Sometimes if you don't treat, they will die.
This can be the best option with some stragglers because it is not rocket science to raise queens from your best colonies.
Some people add fumidil B to the syrup before winter to protect against nosema but I don't do that as I find most colonies can deal with nosema without chemical support.
This side of the pond Oxytetracycline as a preventative/control for AFB is not allowed anyway.
Sometimes a good colony can quickly acquire an unsupportable varroa load due to robbing out a badly infested straggler.
Colonies like like this, which may be some of the best in the apiary, are worth saving with a dose of Thymol, Oxalic acid or other treatment to reduce the varroa load to a survivable level.
No treatment = loss in a case that this.
I would consider that to be negligence.


----------



## mike bispham

Hi Kiwi,

The key idea is that beekeepers must do what all other husbandrymen do in order to have healthy stock. They must breed toward strength and vigour, and away from vulnerability to pests and diseases. 

The mechanisms that make this work are described by biology. The core ideas are built on the way that in the wild 'nature' 'selects' the stronger to be parents in greater numbers than the weaker. Each new generation is made, mostly, from the stronger members of the populations, not at all from the weakest, and in lower numbers of the middlingly healthy.
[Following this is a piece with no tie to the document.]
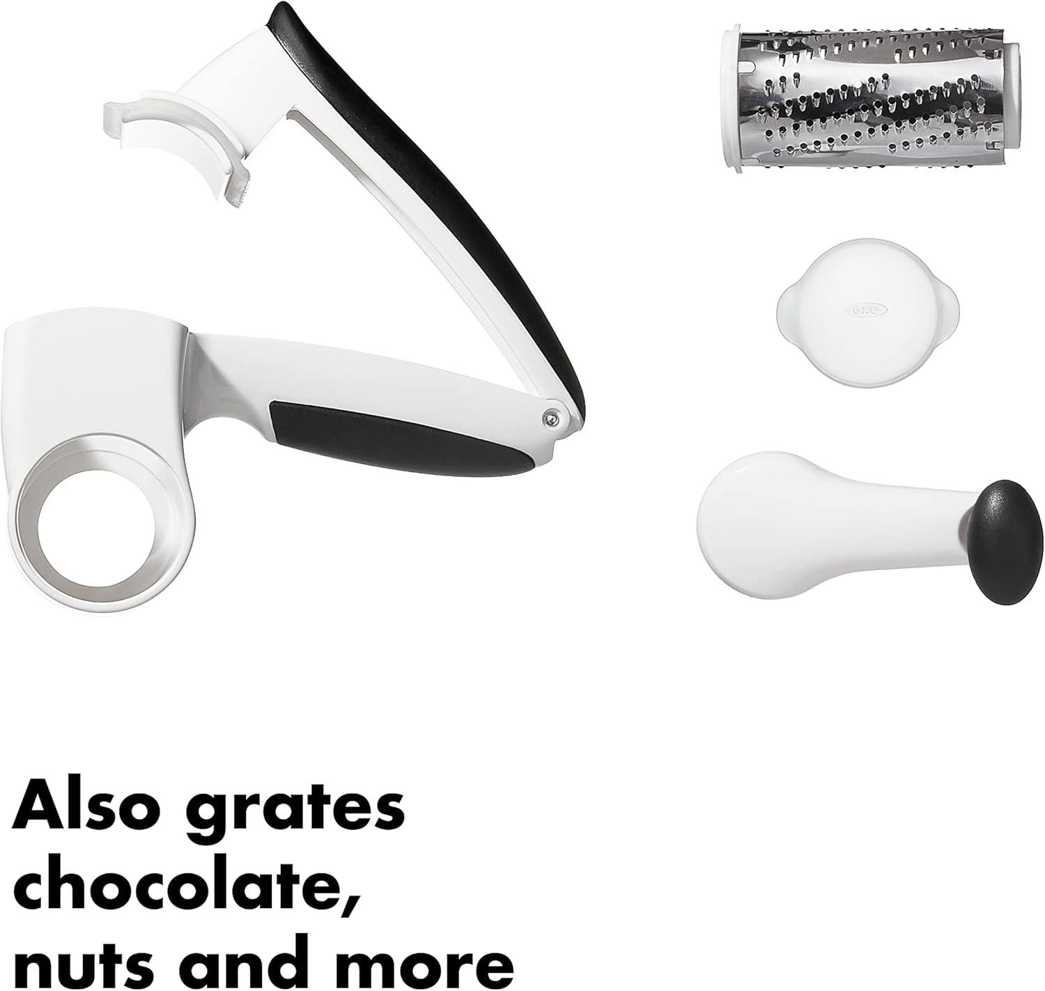 Now you can grate just the cheese you need and save the rest for later. The OXO Good Grips Seal & Store Rotary Grater provides a compartment for storing un-grated cheese right inside, with an interior silicone seal that ensures it won’t dry out. Grate with the cap on and window closed to collect cheese before serving, or slide the window open to grate the desired amount directly onto your dish. Stainless steel blades can also shred chocolate and nuts, and the soft, non-slip handle is comfortable for repetitive use. Dishwasher safe.

Those that are doing well in that environment at that time mainly supply the genes that make the next generation, and so there is a continuous 'tuning' process 

This process is absolutely necesary because the predators (in our case the varroa mite) are constantly doing the same thing - tuning through their generations to be more aggressive and more efficient at taking food from the bee's blood. This is like an 'arms race' where both sides must constantly improve. The mechanism of improvement is selection for the fittest strains - done naturally in the wild, and by breeders in domesticated settings.
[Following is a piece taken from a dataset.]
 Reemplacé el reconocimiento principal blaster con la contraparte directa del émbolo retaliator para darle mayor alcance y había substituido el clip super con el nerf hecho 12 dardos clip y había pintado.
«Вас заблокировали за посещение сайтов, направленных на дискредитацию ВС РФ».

The key thing to remember is: this process is utterly essential. If there is no selection from the strongest parents, the stock will sicken progressively. 
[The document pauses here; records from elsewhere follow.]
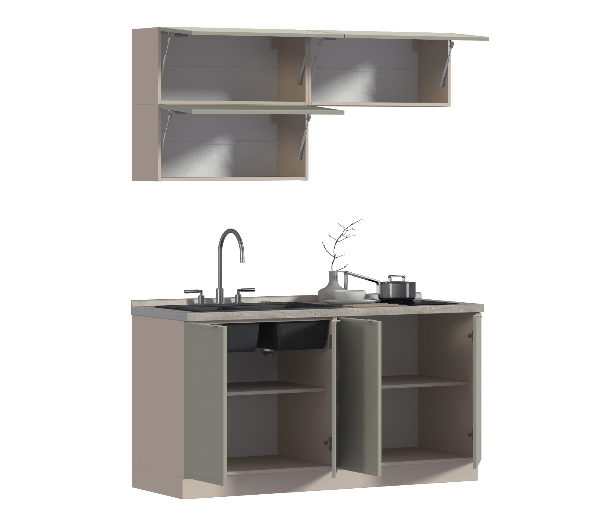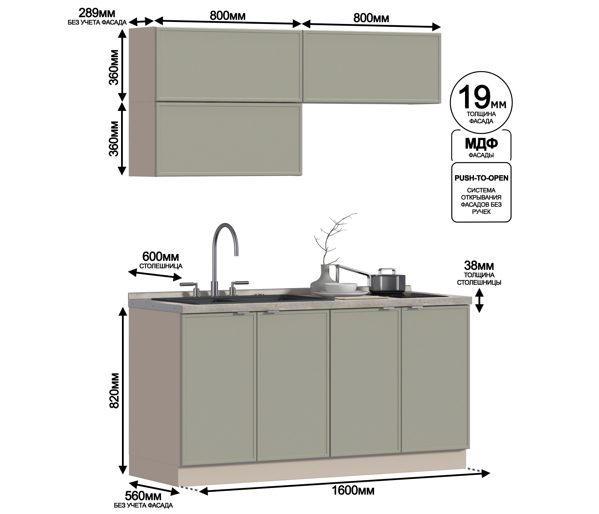 Кухонный гарнитур Регина Квадро Песочный / Латте 1,6 м Код 00000286977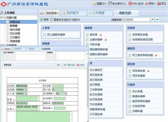 廣州市荔灣區(qū)骨傷科醫(yī)院 廣州市荔灣區(qū)骨傷科醫(yī)院 需要解決的問題: 1、醫(yī)院內(nèi)部的各項事務的申請、審批手續(xù)和日常工作匯報、辦公記錄等都走紙質(zhì)化辦公政策,繁瑣麻煩且費時費力; 2、醫(yī)院各式各樣的資料文件沒規(guī)劃的存放在自建的公共硬盤內(nèi),無法長期大量保存,要查找不方便,資源難以共享; 3、醫(yī)院內(nèi)部使用QQ、郵箱和張貼紙質(zhì)公告進行日常溝通,溝通成本大。 溝通購買過程: 荔灣區(qū)骨傷科醫(yī)院的何主任2013年年末在協(xié)眾OA官網(wǎng)上在線試用了oa系統(tǒng),協(xié)眾信息化顧問小宇根據(jù)留下的聯(lián)系方式,聯(lián)系了何主任,了解到何主任的醫(yī)院想改變上傳下達審批靠紙,信息傳遞效率低以及資料存儲不規(guī)范等傳統(tǒng)辦公方式。小宇隨即發(fā)送了250用戶政務版給何主任試用,最終荔灣醫(yī)院購買了250用戶的協(xié)眾OA政務版系統(tǒng)。 協(xié)眾OA解決方案: 【強大的工作流程】 流程審批只需簡單的調(diào)用模板,就能輕松發(fā)起流程,內(nèi)容格式規(guī)范、審批方向清晰,流程會依據(jù)條件靈活判斷走向,自動流轉(zhuǎn)至相關(guān)處理人,實現(xiàn)流程審批智能化,全過程可視、可控,各環(huán)節(jié)權(quán)責清晰明確。完成的審批,系統(tǒng)自動進行歸檔,后期對審批的內(nèi)容、流程、意見等都可以方便的進行查詢等操作。有效且規(guī)范化的解決了荔灣區(qū)骨傷科醫(yī)院流程審批繁瑣的難題。 廣州市荔灣區(qū)骨傷科醫(yī)院-流程管理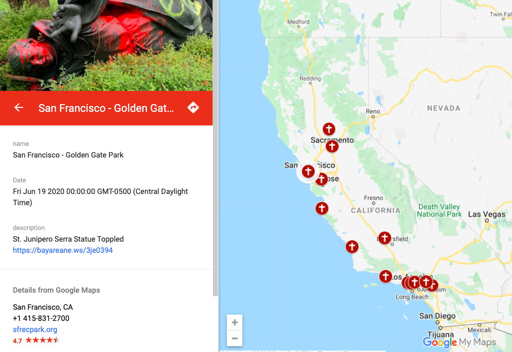 The map shows the attacks on “Catholic statues, parishes and persons.” It consists of clickable crosses, directing users to each attack location.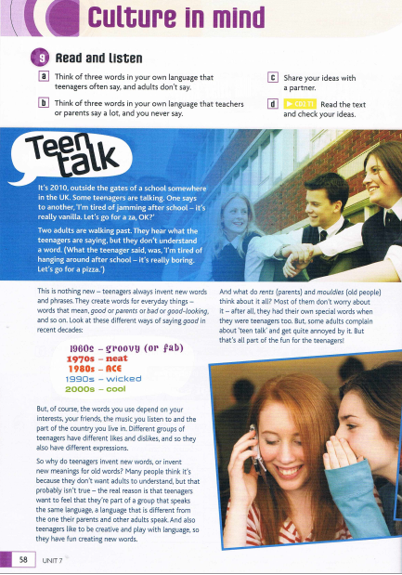 本单元的主题是学习语言。Culture in Mind就介绍了英国青少年会在沟通中,根据自己的兴趣爱好造词的现象。之后的练习也让学生对于如何表达和如何学习语言有更深入的体会。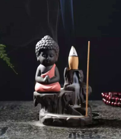 Meditating Monk Buddha Smoke Backflow Cone Incense Holder Decorative Showpiece with 10 Free Smoke Backflow Scented Cone Incenses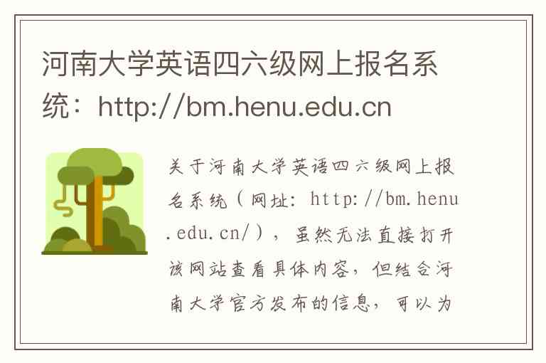 关于河南大学英语四六级网上报名系统(网址:http://bm.henu.edu.cn/),虽然无法直接打开该网站查看具体内容,但结合河南大学官方发布的信息,可以为您详细介绍其服务、官方渠道和联系方式。

The topic takes a bit of getting to grips with if you have no background in biology or general animal husbandry. If you can find an animal breeder to talk about this process with, that would probably be one of the best ways to make a start. If you can take a basic biology or evolution course so much the better. And you can read about the processes at a beginners level by searching wikipedia for key words, and just browsing. There are links to the most relevant pages from my links page, found from the bottom of this post.

Don't try to run before you can walk (as others do) The high - level discussions will only confuse you. You need to get these foundations in place, and you don't need to know anything more.


Marla Spivak is one of the key researchers into breeding for resistance, and has many years direct beeekeeping experience, and has long worked in tandem with bee breeders. She teaches that all beekeepers can raise the resistance of their stock through selective measures, and even supplies online courses. Reading any of through her guidance notes, which you will find by searching her name, will help to familiarise you with the topic.

There is a great deal of resistance to these ideas in the online beekeeping forums. It isn't really clear why, but obviously some sectors - those supplying chemicals for example - will suffer if selection becomes popular. 

It is recognised that these methods are most useful in small and middle-sized apiaries, and that the larger operations will probably find it hard to adopt selective regimes, and that close-stacking and other features are probably so 'unhygenic' that no amount of breeding will enable them to be treatment-free. But buying in resistant replacements and any measure of selectivity will help to raise the general health of their operations, and should supply an economic advantage. 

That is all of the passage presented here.